## What you should do
None of the images should appear in your copy. Transcribe the data in full.

## Material provided
-------

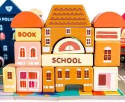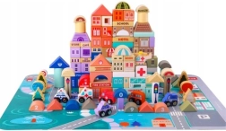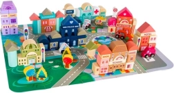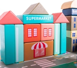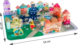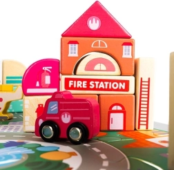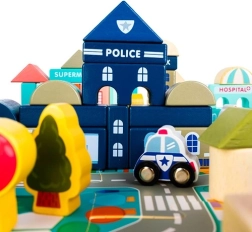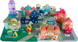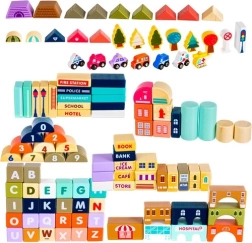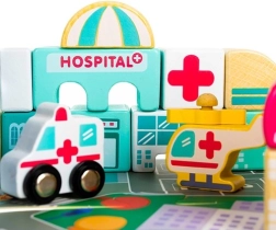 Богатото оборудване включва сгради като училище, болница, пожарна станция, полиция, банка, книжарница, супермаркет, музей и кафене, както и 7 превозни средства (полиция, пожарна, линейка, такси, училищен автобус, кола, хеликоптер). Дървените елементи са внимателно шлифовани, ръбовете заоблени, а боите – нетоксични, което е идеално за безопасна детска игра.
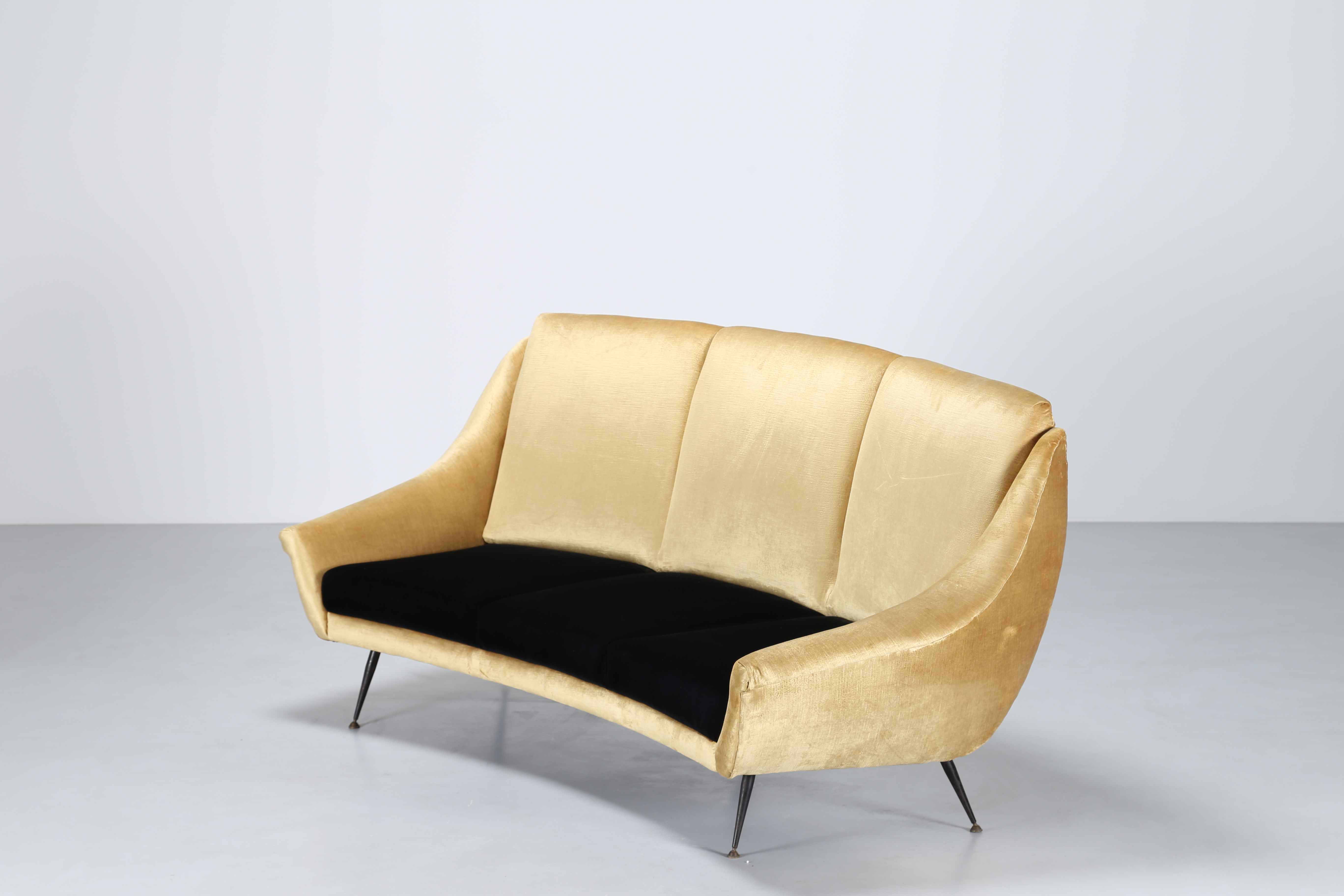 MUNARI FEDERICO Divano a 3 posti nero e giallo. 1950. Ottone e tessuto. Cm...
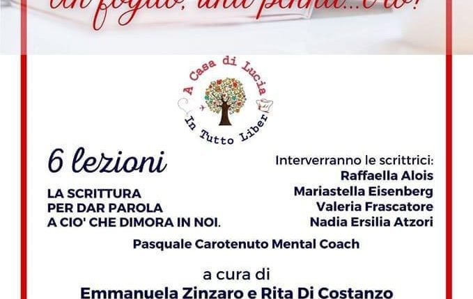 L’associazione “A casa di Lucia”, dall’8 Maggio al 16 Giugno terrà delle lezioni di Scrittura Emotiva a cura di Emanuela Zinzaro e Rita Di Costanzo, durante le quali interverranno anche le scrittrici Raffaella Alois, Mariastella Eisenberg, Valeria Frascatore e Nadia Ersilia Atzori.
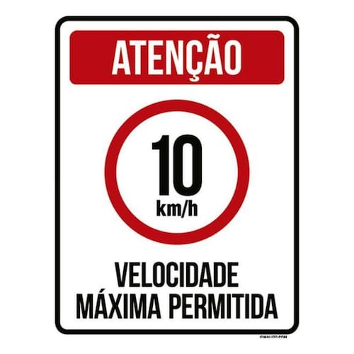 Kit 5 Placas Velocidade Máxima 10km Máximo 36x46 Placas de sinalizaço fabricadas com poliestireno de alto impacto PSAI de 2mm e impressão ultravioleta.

-------

## Solution
 Богатото оборудване включва сгради като училище, болница, пожарна станция, полиция, банка, книжарница, супермаркет, музей и кафене, както и 7 превозни средства (полиция, пожарна, линейка, такси, училищен автобус, кола, хеликоптер). Дървените елементи са внимателно шлифовани, ръбовете заоблени, а боите – нетоксични, което е идеално за безопасна детска игра.
 MUNARI FEDERICO Divano a 3 posti nero e giallo. 1950. Ottone e tessuto. Cm...
 L’associazione “A casa di Lucia”, dall’8 Maggio al 16 Giugno terrà delle lezioni di Scrittura Emotiva a cura di Emanuela Zinzaro e Rita Di Costanzo, durante le quali interverranno anche le scrittrici Raffaella Alois, Mariastella Eisenberg, Valeria Frascatore e Nadia Ersilia Atzori.
 Kit 5 Placas Velocidade Máxima 10km Máximo 36x46 Placas de sinalizaço fabricadas com poliestireno de alto impacto PSAI de 2mm e impressão ultravioleta.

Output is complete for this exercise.